- Born: 12 February 1934 London, England
- Died: 3 May 2017 (aged 83) London, England
- Occupation(s): Secretary and administrator
- Years active: 1953–1987
- Employer: British Ice Hockey Association
- Awards: Paul Loicq Award (2002); British Ice Hockey Hall of Fame (1988);

= Pat Marsh (ice hockey) =

British ice hockey administrator (1934–2017)

Patricia Marian Marsh (12 February 1934 – 3 May 2017) was a British ice hockey administrator. She served as secretary of the British Ice Hockey Association from 1972 to 1987, and was previously secretary to Bunny Ahearne from 1953 onward. She also worked in the International Ice Hockey Federation (IIHF) office for more than 20 years, and represented Great Britain at IIHF congresses. She was the first female inducted into the British Ice Hockey Hall of Fame, and the first British person to receive the Paul Loicq Award for contributions to international ice hockey.

==Early life==
Patricia Marian Griffiths was born on 12 February 1934, in the Brixton neighbourhood of South London. She met her future husband Geoff in 1949, who played ice hockey as a goaltender for the Streatham Royals. She went to her first hockey game in 1950, before beginning her career in the sport.

==Ice hockey career==
Marsh began working as Bunny Ahearne's secretary in 1953. Her hiring coincided with his term as secretary of the at the British Ice Hockey Association (BIHA), and his alternating roles as president and vice-president of the International Ice Hockey Federation (IIHF). The salary for Marsh originally included 13 shillings and sixpence for cleaning the office shared with Ernie Leacock, the BIHA assistant secretary. Leacock was an early mentor for Marsh, who knew the paperwork and how to work for a busy Ahearne who became president of the IIHF in 1957. She left her position to have a child in 1959, at a time when parental leave did not exist. When her replacement failed to meet the high standards, Marsh was recalled as Ahearne's secretary.

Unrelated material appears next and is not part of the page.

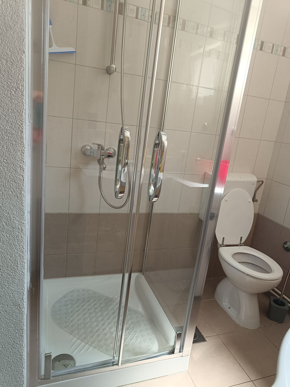 • shower, shower enclosure, towels.
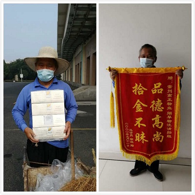 當(dāng)他正在低頭認(rèn)真的清掃外圍垃圾時,發(fā)現(xiàn)地上有一沓香煙,共四條黃金葉,包紀(jì)明立即打電話給保潔班長,保潔班長在上報項目主管的同時,項目主管及時聯(lián)系甲方相關(guān)工作人員,并把香煙交于辦公室。當(dāng)天,甲方辦公室領(lǐng)導(dǎo)聯(lián)系到了相關(guān)工作人員,是一位負(fù)責(zé)當(dāng)天輸送香煙的送貨員丟失的,當(dāng)他拿到丟失的香煙時,激動地對我們的保潔員說:“謝謝你們,真是太感謝了!”若賠償損失需要大半個月工資,全家的生活費就沒有了,說著說著他激動地眼淚都要流出來了。第二天這位送貨員就送來了一面錦旗,上面寫著“拾金不昧,品德高尚”八個字,他真誠地感謝高正集團(tuán)煙草物流清掃組,并且還當(dāng)面感謝我們的保潔員。

After Ahearne became president of the BIHA in 1971, Marsh became secretary of the BIHA in 1972, and worked in the IIHF offices for more than 20 years. She represented the BIHA at IIHF congresses in Prague in 1972, and in Colorado Springs in 1986. She travelled abroad with the Great Britain men's national under-18 ice hockey team, and stated her favourite tournament was the gold medal victory in Pool-C at the 1986 IIHF European U18 Championship in Spain. During her involved in hockey, the game in Great Britain changed from being semi-professional in the 1950s, to large sponsorships in the 1980s which she described as "the most exciting time of her career in the sport".

Marsh retired as secretary of the BIHA in 1987, and was succeeded by David Pickles. She was immediately appointed to the BIHA board of directors, the first woman to hold the position. As a director, she served as a delegate to the IIHF European Women Championships, and oversaw hockey's doping in sport control programme. She also served as an advisor to the Ice Hockey Superleague until her retirement as a director in 1999.

==Honours and awards==
In 1987, Marsh received the Ahearne Medal from the BIHA for services to the game in Great Britain. In 1988, she became the first female inducted into British Ice Hockey Hall of Fame. In 2002, she became the first person from Great Britain to receive of the Paul Loicq Award for contributions to international ice hockey.

Upon retirement, Marsh was remembered as being "well-liked but now overworked". She was crediting for "[maintaining] the same unflappable composure during her career", and that "any problem was dealt with calmly and efficiently, with only the vaguest hint of exasperation". Past BIHA president Freddie Meredith remarked in 2017, that Marsh devoted a lifetime to the sport of ice hockey, and that hockey's growth in Great Britain during the 1980s and the 1990s would have been impossible without Marsh's efforts, and that "she was truly the first lady of British Ice Hockey".

==Personal life==
Marsh was married to Geoff, gave birth to a daughter in 1959. Marsh's husband died in 2003. She died on 20 April 2017, in the Croydon neighbourhood of South London. The funeral for Marsh was scheduled for 12 May 2017, in Kent.